Sea-level rises from global warming remain one of the big unknowns in the jostling crowd of climate threats. We know that warming water expands - and so coastal communities will be threatened, as the sea swells in response to rising temperatures. But what about the melting of the land-based ice-sheets of Greenland and Antarctica? And the disappearing mountain glaciers of the Rockies and the Andes? How will a warming world spill these frozen waters into the sea, and so back onto our low-lying cities? Those questions are something that climate scientists try to model, but which they still find difficult to predict.

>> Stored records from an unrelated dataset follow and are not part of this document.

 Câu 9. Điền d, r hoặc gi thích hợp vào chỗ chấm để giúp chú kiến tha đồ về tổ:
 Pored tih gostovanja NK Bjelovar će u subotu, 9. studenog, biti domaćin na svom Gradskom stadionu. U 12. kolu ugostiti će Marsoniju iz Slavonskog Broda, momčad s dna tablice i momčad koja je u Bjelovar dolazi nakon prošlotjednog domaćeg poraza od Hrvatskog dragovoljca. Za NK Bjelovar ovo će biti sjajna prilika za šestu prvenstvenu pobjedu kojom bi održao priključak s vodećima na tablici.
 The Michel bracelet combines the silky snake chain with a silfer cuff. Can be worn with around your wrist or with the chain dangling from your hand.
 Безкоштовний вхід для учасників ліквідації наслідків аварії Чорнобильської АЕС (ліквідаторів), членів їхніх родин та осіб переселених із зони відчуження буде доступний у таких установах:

One way to help knock down that uncertainty is to turn to past records of sea-level fluctuations, to see if they can point to the future. Tie these records tightly enough to detailed temperature records, and scientists may get a better grasp on what their models should be showing. That's what a research team, including Penn State's Michael Mann, have done - looking to North Carolina's salt marshes for a fresh insight into the sea-level conundrum. The results are published online in today's Proceedings of the National Academy of Sciences.
The international team of scientists turned to North Carolina, in part because this area of the world has been geologically quiet for many millennium. Previous sea-level reconstructions are in those parts of the world still on the move - due to tectonic shifts, or where the land is rebounding from the burden of the last Ice Age. That makes deciphering which sea-level changes are down to temperature fluctuations more difficult.

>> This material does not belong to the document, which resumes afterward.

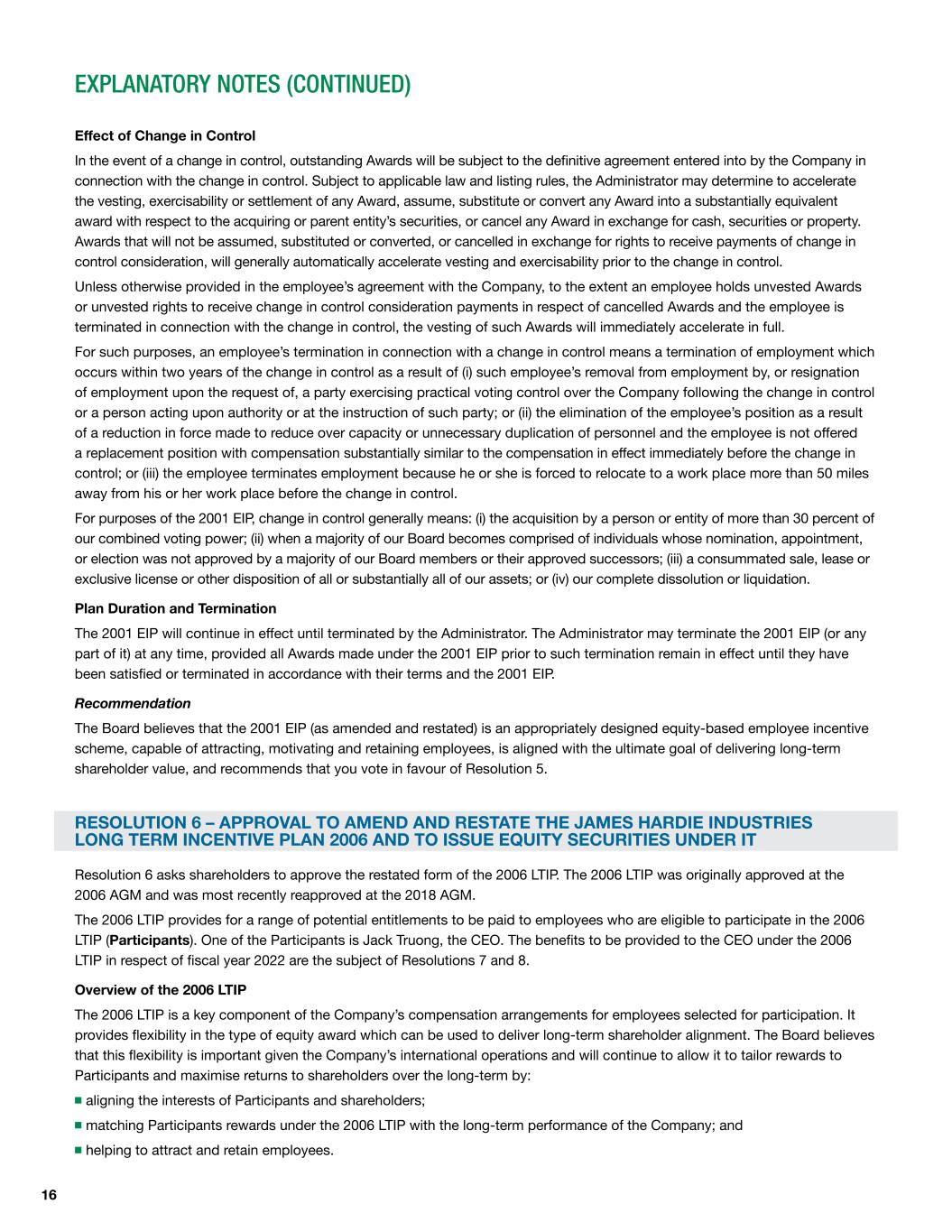 16 Effect of Change in Control In the event of a change in control, outstanding Awards will be subject to the definitive agreement entered into by the Company in connection with the change in control. Subject to applicable law and listing rules, the Administrator may determine to accelerate the vesting, exercisability or settlement of any Award, assume, substitute or convert any Award into a substantially equivalent award with respect to the acquiring or parent entity’s securities, or cancel any Award in exchange for cash, securities or property. Awards that will not be assumed, substituted or converted, or cancelled in exchange for rights to receive payments of change in control consideration, will generally automatically accelerate vesting and exercisability prior to the change in control. Unless otherwise provided in the employee’s agreement with the Company, to the extent an employee holds unvested Awards or unvested rights to receive change in control consideration payments in respect of cancelled Awards and the employee is terminated in connection with the change in control, the vesting of such Awards will immediately accelerate in full. For such purposes, an employee’s termination in connection with a change in control means a termination of employment which occurs within two years of the change in control as a result of (i) such employee’s removal from employment by, or resignation of employment upon the request of, a party exercising practical voting control over the Company following the change in control or a person acting upon authority or at the instruction of such party; or (ii) the elimination of the employee’s position as a result of a reduction in force made to reduce over capacity or unnecessary duplication of personnel and the employee is not offered a replacement position with compensation substantially similar to the compensation in effect immediately before the change in control; or (iii) the employee terminates employment because he or she is forced to relocate to a work place more than 50 miles away from his or her work place before the change in control. For purposes of the 2001 EIP, change in control generally means: (i) the acquisition by a person or entity of more than 30 percent of our combined voting power; (ii) when a majority of our Board becomes comprised of individuals whose nomination, appointment, or election was not approved by a majority of our Board members or their approved successors; (iii) a consummated sale, lease or exclusive license or other disposition of all or substantially all of our assets; or (iv) our complete dissolution or liquidation. Plan Duration and Termination The 2001 EIP will continue in effect until terminated by the Administrator. The Administrator may terminate the 2001 EIP (or any part of it) at any time, provided all Awards made under the 2001 EIP prior to such termination remain in effect until they have been satisfied or terminated in accordance with their terms and the 2001 EIP. Recommendation The Board believes that the 2001 EIP (as amended and restated) is an appropriately designed equity-based employee incentive scheme, capable of attracting, motivating and retaining employees, is aligned with the ultimate goal of delivering long-term shareholder value, and recommends that you vote in favour of Resolution 5. EXPLANATORY NOTES (CONTINUED) RESOLUTION 6 – APPROVAL TO AMEND AND RESTATE THE JAMES HARDIE INDUSTRIES LONG TERM INCENTIVE PLAN 2006 AND TO ISSUE EQUITY SECURITIES UNDER IT Resolution 6 asks shareholders to approve the restated form of the 2006 LTIP. The 2006 LTIP was originally approved at the 2006 AGM and was most recently reapproved at the 2018 AGM. The 2006 LTIP provides for a range of potential entitlements to be paid to employees who are eligible to participate in the 2006 LTIP (Participants). One of the Participants is Jack Truong, the CEO. The benefits to be provided to the CEO under the 2006 LTIP in respect of fiscal year 2022 are the subject of Resolutions 7 and 8. Overview of the 2006 LTIP The 2006 LTIP is a key component of the Company’s compensation arrangements for employees selected for participation. It provides flexibility in the type of equity award which can be used to deliver long-term shareholder alignment. The Board believes that this flexibility is important given the Company’s international operations and will continue to allow it to tailor rewards to Participants and maximise returns to shareholders over the long-term by: ■ aligning the interests of Participants and shareholders; ■ matching Participants rewards under the 2006 LTIP with the long-term performance of the Company; and ■ helping to attract and retain employees.
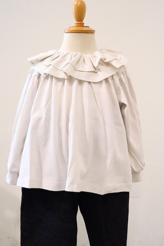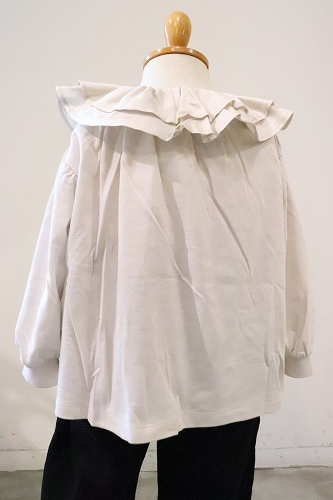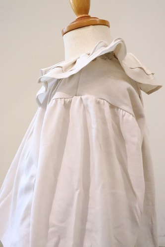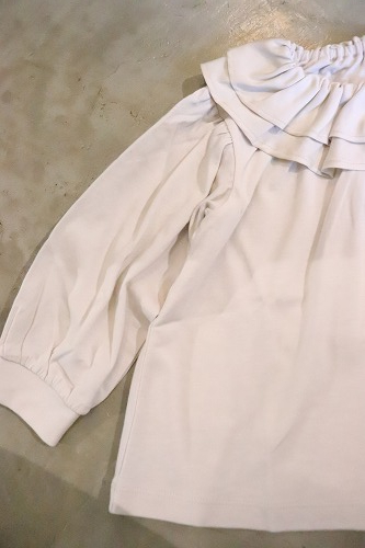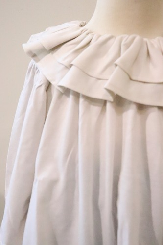 2枚重ねた衿のラッフルフリルに光沢感のある

But the marshes off of the US east coast have had a much simpler history - so taking account of the slow resettling of the earth's foundations is much easier here. In order to work out the level of the sea over the last two-thousand years, the team looked at thick slices of muddy sediment in the sheltered waters of the Pamlico Sound. These contain foramnifera, microscopic fossils which can tell scientists the depth of the overlying waters. They were dated accurately using a combination of radiocarbon and pollen sequences.
The results tallied well with other reconstructions, and with local and global tidal gauge records. 'The temperature and sea level reconstructions were determined independently from each other, and yet each shows what we would expect based on the other," said Mann. "Higher temperatures correspond with higher rates of sea level change and vice versa."
The story of sea level changes fitted a reasonably well-known narrative - and emphasized the suddenness of the most recent changes ascribed to man's tinkering with the climate.
From 100 years BC until 950 AD, sea levels held fairly constant, but with the regional warming of the northern hemisphere, known as the Medieval Warming period, sea levels rose by 2 inches per century. That rise halted with the onset of the 'Little Ice Age' when sea-levels fell slightly. But once the industrialization of the 19th century was well underway, the tide turned firmly back to rising sea levels - and dramatically so.
Over the last century, sea-levels rose at the equivalent of 8-inches per century - a rate unprecedented in the 2000 year-old record. The paper concludes "..in North Carolina the mean rate of rise was 2.1 mm/y in response to 20th century warming. This historical rate of rise was greater than any other persistent, century-scale trend during the past 2,100 years,' the researchers report. That can be seen as an ominous pointer to the future for low-lying communities.